«Te
moldearé»,
le dijo el hacha al trozo de hierro mientras caía con toda su fuerza sobre uno
de sus lados. Pero a cada golpe que daba esa hacha iba perdiendo su filo. Hasta
que después de un rato la herramienta no pudo más; había quedado completamente
obtusa.
«Déjenmelo
a mí»,
propuso el serrucho mientras clavaba sus dientes en el hierro, los cuales
fueron desapareciendo uno por uno. Y también desistió.
«Yo
me encargaré de moldearlo», exclamó con arrogancia el martillo mientras se
burlaba de sus compañeros que habían fracasado. Pero después de varios golpes
se le quebró el mango y se desprendió su cabeza.
«¿Me
permiten probar?»,
preguntó humildemente una pequeña vela. Los otros tres se rieron a carcajadas,
pero se lo permitieron, porque estaban convencidos de que también iba a
fracasar. Sin embargo, aquella vela con su llama constante cubrió el trozo de
hierro; no se desprendió de él, lo abrazó y lo abrazó más y más hasta volverlo
blando y darle la figura que quería.
Aquella vela y sus maneras suaves de tratar el
duro hierro, logró lo que las otras tres poderosas herramientas no pudieron
alcanzar a través de la fuerza bruta. Así es el amor.

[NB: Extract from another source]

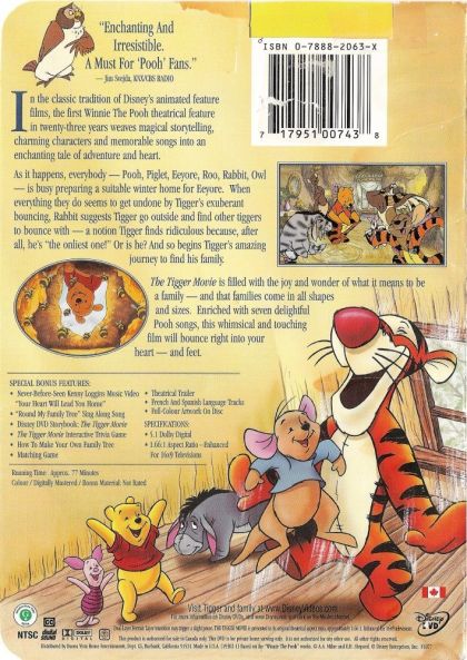 Winnie the Pooh, Piglet, Owl, Kanga, Roo, and Rabbit are preparing a suitable winter home for Eeyore, the perennially dejected donkey, but Tigger's continual bouncing interrupts their efforts. Rabbit suggests that Tigger go find others of his kind to bounce with, but Tigger thinks "the most wonderful thing about tiggers is" he's "the only one!" Just in case though, the joyously jouncy feline sets out to see if he can find relatives.

Hay en el mundo corazones tan duros que pueden
resistir los hachazos de la ira, los dientes del encono, y los golpes de orgullo
y del rechazo, pero por más severo que sea el corazón de la persona, no podrá
resistir los embates del amor; porque el amor es la fuerza más poderosa de este mundo. Y lo que
no sea capaz de ablandarse con amor, es que ya está muerto.